"Shadow Dancing" is a disco song performed by English singer-songwriter Andy Gibb. The song was released in April 1978 as the lead single from his second studio album of the same name. The song reached number one for seven weeks on the Billboard Hot 100 in 1978.  Albhy Galuten (who also produced this song) arranged the song with Barry Gibb. While Andy Gibb would have three more Top 10 hits in the U.S., this would be his final chart-topping hit in the United States. The song became a platinum record.

Song development
The song was written by Andy and his brothers (Barry, Maurice and Robin Gibb) in Los Angeles, while the trio of brothers were working on the film Sgt. Pepper's Lonely Hearts Club Band.  "And one night," Andy would recall, "while we were relaxing, we sat down and we had to start getting tracks together for the album" (also titled Shadow Dancing, which would eventually hit #7 on the U.S. album charts). "So we literally sat down and in ten minutes, we had a group going, (singing) the chorus part.  As it says underneath the song, we all wrote it, the four of us."

Release
According to Billboard's Book Of Number One Hits, Gibb became the first solo artist in the history of the U.S. pop charts to have his first three singles hit the number-one spot. It remained in the top spot for seven straight weeks from 17 June to 29 July 1978, keeping "Baker Street" by Gerry Rafferty from reaching the top spot.
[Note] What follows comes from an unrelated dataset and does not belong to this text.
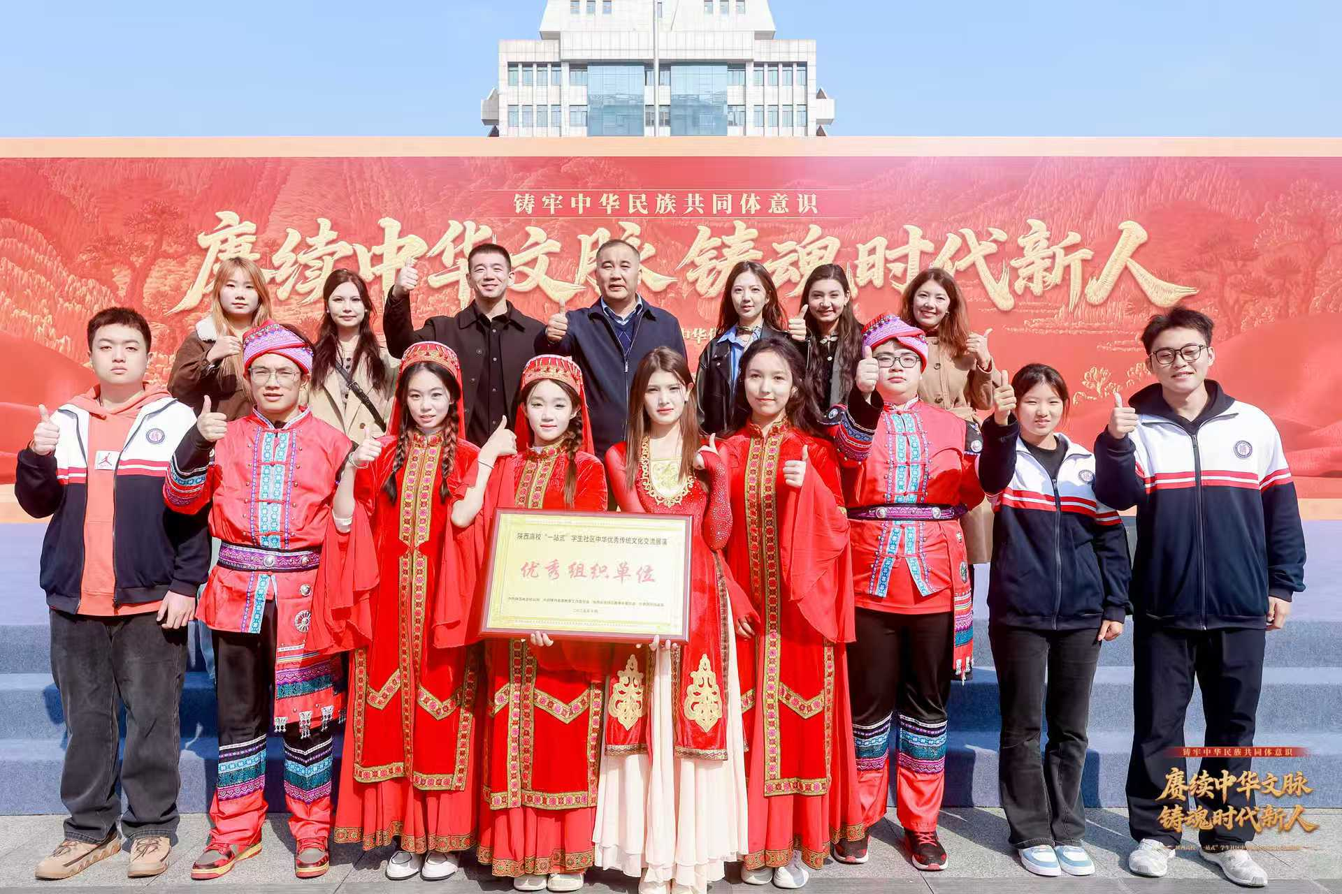 10月26日,由省委统战部、省委教育工委、省民宗委、团省委联合主办的“铸牢中华民族共同体意识——赓续中华文脉,铸魂时代新人”2025年陕西高校“一站式”学生社区中华优秀传统文化交流展演活动在西安交通大学兴庆校区举办。我校作为参展单位,组织来自仡佬族、塔吉克族、维吾尔族等10余名少数民族学生代表赴活动现场交流展示,并获评优秀组织单位。

On 5 August it was replaced by The Rolling Stones with their hit "Miss You." Additionally, "Shadow Dancing" was listed by Billboard as being the number one single of 1978.  The song peaked at number eleven on the soul chart and sold 2.5 million copies in the United States alone.  Cash Box particularly praised the "solid arrangement of strings, horns, [and] disco-funk guitar work."  Record World predicted that "this rather hushed dance record should be [Gibbs'] third straight hit."

The single had three different B-sides. The US version's "Let It Be Me" and the European version's "Too Many Looks In Your Eyes" were both from Gibb's previous album Flowing Rivers, while the Italian release featured "Fool for a Night" from the Shadow Dancing album.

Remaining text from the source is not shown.